Extend EOL for Gemini Flash cost-effective models

Summary

We request either:

  1. An extension of EOL for gemini-2.0-flash and gemini-2.0-flash-lite, or
  2. A clear roadmap and timeline for a cost-effective successor (e.g. gemini-3-flash-lite) before current low-cost models reach shutdown.

Our production workloads are OCR, data extraction, and summarization and do not require thinking/reasoning.


Impacted models & shutdown dates

Gemini 2.0

  • gemini-2.0-flash — March 31, 2026
  • gemini-2.0-flash-lite — March 31, 2026

Gemini 2.5

  • gemini-2.5-flash — June 17, 2026
  • gemini-2.5-flash-lite — July 22, 2026

Why current replacements are not equivalent

1. Loss of cost-effective non-thinking pricing

Gemini 2.0 Flash was ideal for OCR/extraction/summarization and cost-effective for us:

  • ~$0.10 / 1M input tokens
  • ~$0.40 / 1M output tokens

With gemini-2.5-flash-preview, non-thinking output pricing was ~$0.60 / 1M, with thinking at ~$2.50 / 1M.
After the stable release, the non-thinking pricing path removed, leaving ~$2.50 / 1M output tokens, even though fine-tuning guidance for OCR/extraction recommends the non-thinking variant.

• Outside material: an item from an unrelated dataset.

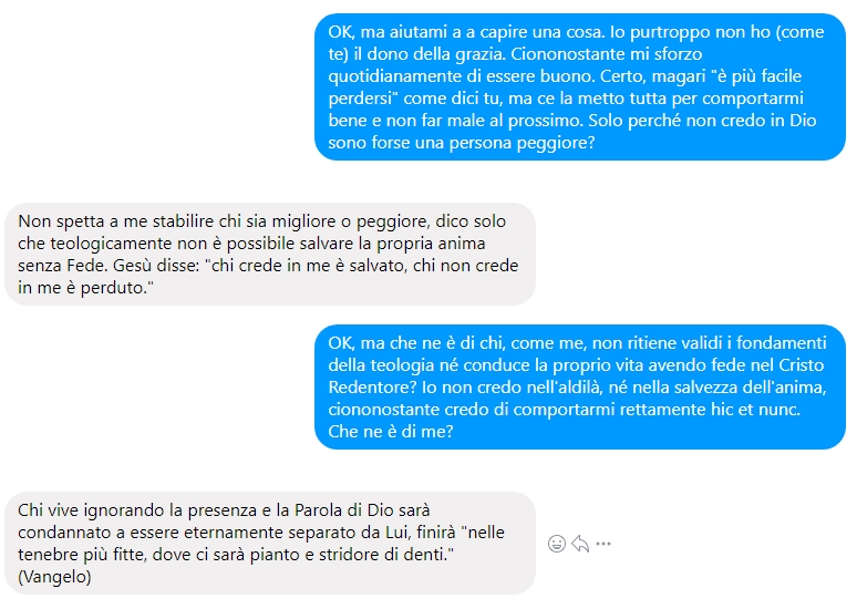 Io, da ateo e da umanista, ho provato a ascoltare le sue ragioni; Matteo, da cristiano e da cattolico, ha fatto invece un po’ lo slalom tra le mie domande, come il 95% dei credenti come lui.

At $2.50 / 1M output tokens, many production OCR/extraction/summarization workloads are no longer economically viable.

2. Benchmarking shows higher cost does not improve accuracy

Our internal benchmarking on OCR + data extraction + summarization:

Base models

  • gemini-2.0-flash: 91%
  • gemini-2.5-flash: 91%
  • gemini-2.5-flash-lite: 87%

Fine-tuned models

  • gemini-2.0-flash-finetuned: 99%
  • gemini-2.5-flash-finetuned: 96.5%
  • gemini-2.5-flash-lite-finetuned: 95%

For our use cases:

  • gemini-2.0-flash is cheaper and more accurate after fine-tuning.
  • gemini-2.5-flash is ~6× more expensive on output tokens with lower accuracy.

3. Roadmap gap blocks long-term planning

We planned to move from gemini-2.0-flashgemini-2.5-flash-litegemini-3-flash-lite when available, accepting some accuracy loss.

However:

  • gemini-2.5-flash-lite is already scheduled for shutdown (July 22, 2026)
  • gemini-3-flash-lite is not announced or publicly timed

This makes long-term planning and client commitments extremely difficult.


Requests

  1. Extend EOL for:

    • gemini-2.0-flash / gemini-2.0-flash-001
    • gemini-2.0-flash-lite / gemini-2.0-flash-lite-001
      by 6–12 months, or until a comparable-cost successor is generally available.
  2. Provide an official roadmap and timeline for gemini-3-flash-lite (or equivalent), including expected pricing for non-thinking use cases.

  3. Consider restoring or offering a low-cost non-thinking tier for flash-class OCR/extraction/summarization workloads, closer to:

    • $0.10–$0.20 / 1M input tokens
    • $0.40–$0.60 / 1M output tokens
8 Likes

Yes, gemini-2.0-flash-lite or gemini-2.5-flash-lite should be continued until gemini-3.0-flash-lite is available at similar pricing.

Low-cost, fast, non-thinking models like Flash-Lite are critical for multiple production use cases. Discontinuing them without an equivalent replacement will have a major impact on services that currently depend on Flash-Lite.

This change would also negatively affect long-term trust in Google’s model roadmap. Additionally, it makes it difficult to transition clients to higher-cost alternatives when there is no tangible gain for tasks that Flash-Lite models can already perform effectively and often with greater accuracy.

2 Likes

We are having the exact same use case (non-thinking image recognition).
We currently migrated to Gemini 2.5 Flash Lite, but it seems that the deprecations are too quick on low-cost models.

Gemini 3 Flash Lite release would be essential in giving confidence to stay in the Gemini Model ecosystem.